Phase 3: Matching Execution

def match_commits_to_artifacts(commits, artifacts, config):
    matches = []

    for commit in commits:
        commit_matches = {
            'commit_hash': commit['hash'],
            'issues': [],
            'pull_requests': [],
            'projects': [],
            'milestones': []
        }

        # Pre-filter artifacts by timestamp (optimization)
        time_window = timedelta(days=config['time_window_days'])
        candidates = filter_by_timewindow(artifacts, commit['timestamp'], time_window)

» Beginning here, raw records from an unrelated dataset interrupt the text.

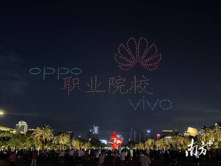 “一技在手,一生无忧”“东莞职业教育活动周”“致力培养莞邑现场工程师”……5月29日晚,一场炫酷的大型无人机秀点亮东莞上空。500架无人机通过不断变换阵型,动态呈现出全国职业教育活动周logo,东莞教育logo,东莞地标建筑,华为、腾讯、比亚迪等校企合作企业logo,现场工程师典型工作场景等画面,直观生动地展现出东莞市职教活动周的特色特点和职业院校师生的专业技能。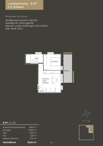 DachgeschossGartengeschoss 1. 39,5 m² Balkon (18,8 m²) B02 1. Obergeschoss1. Obergeschoss2. Obergeschoss B05 9,4 m² m² Wohnen/Essen/Kochen 26,60 m²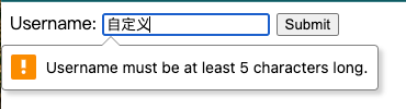 setCustomValidity方法来自定义错误消息。<!DOCTYPE html> <html lang="en"> <head> <meta charset="UTF-8" /> <meta name="viewport" content="width=device-width, initial-scale=1.0" /> <title>自定义 Validation</title> </head> <body> <form id="myForm"> <label for="username">Username:</label> <input type="text" id="username" name="username" required /> <button type="submit">Submit</button> </form> <script> // 监听用户名输入事件 document .getElementById('username') .addEventListener('input', function () { // 检查输入的用户名是否至少为5个字符 if (this.value.length < 5) { this.setCustomValidity( 'Username must be at least 5 characters long.' ) } else { this.setCustomValidity('') // 清除自定义错误消息 } }) // 监听表单提交事件 document .getElementById('myForm') .addEventListener('submit', function (event) { const usernameInput = document.getElementById('username') // 使用 checkValidity 方法检查用户名字段的有效性 if (!usernameInput.checkValidity()) { event.preventDefault() // 阻止表单提交,并显示自定义的错误消息。 } }) </script> </body> </html>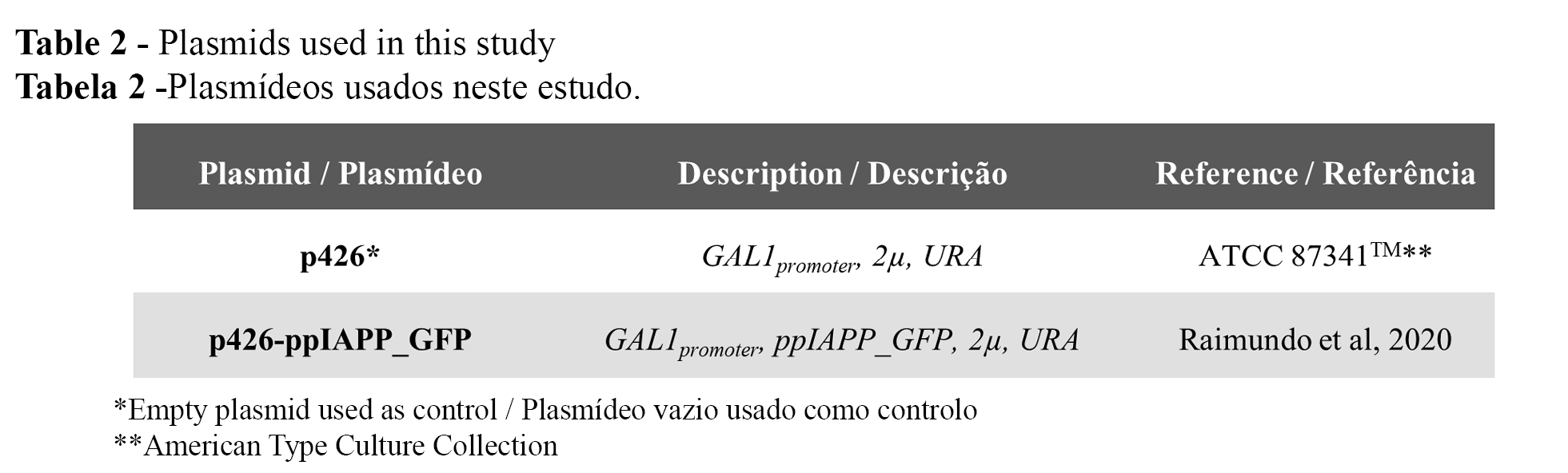 Synthetic dropout (SD)-2% glucose medium was used for the growth of cells transformed with the plasmids of interest. A pre-inoculum was prepared in SD-raffinose medium, and cultures were incubated overnight at 30°C under orbital shaking. Cultures were diluted in fresh medium and incubated under the same conditions until the optical density at 600 nm (OD600) reached log growth phase. The following equation was used to synchronize the cultures: ODi × Vi = ODf / [2(t/gt)] × Vf, where ODi is the initial optical density of the culture, Vi is the initial volume of culture, ODf is the final optical density of the culture, t is the time, gt is the generation time of the strain, and Vf is the final volume of culture. Cell cultures were diluted as indicated for each assay. In all experiments, induction of IAPP expression was carried out in SD-galactose medium. Media composition is detailed in Raimundo et al. (2020) (23).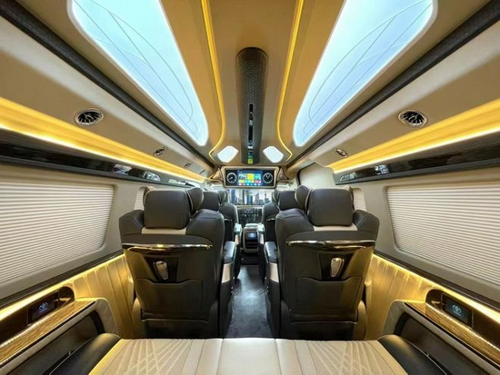 进入到商务舱,铝合金的踏步,全车进口柚木地板搭配进口的地毯。整车采用2+2+2+3的布局,商务舱配备四个独立的航空座椅,具备通风加热按摩腿托的功能,并且座椅可以往后进行旋转,与后面的人进行一个面对面的对坐,形成一个卡座的状态,方便吃饭,开会,娱乐,打牌,功能性齐全。第四排电控沙发床可放平至180度,并且带有加热的功能,简简单单组成一张床,可供日常的进行休息。

        # Match against each artifact type
        for artifact_type, artifact_list in candidates.items():
            for artifact in artifact_list:
                confidence = calculate_confidence(commit, artifact, config)

                if confidence >= config['confidence_threshold']:
                    commit_matches[artifact_type].append({
                        'number': artifact['number'],
                        'title': artifact['title'],
                        'url': artifact['url'],
                        'confidence': confidence,
                        'matched_by': get_matched_strategies(commit, artifact)
                    })

        # Sort by confidence (highest first)
        for artifact_type in commit_matches:
            if commit_matches[artifact_type]:
                commit_matches[artifact_type].sort(
                    key=lambda x: x['confidence'],
                    reverse=True
                )

        matches.append(commit_matches)

    return matches

Phase 4: Semantic Similarity (AI-Powered)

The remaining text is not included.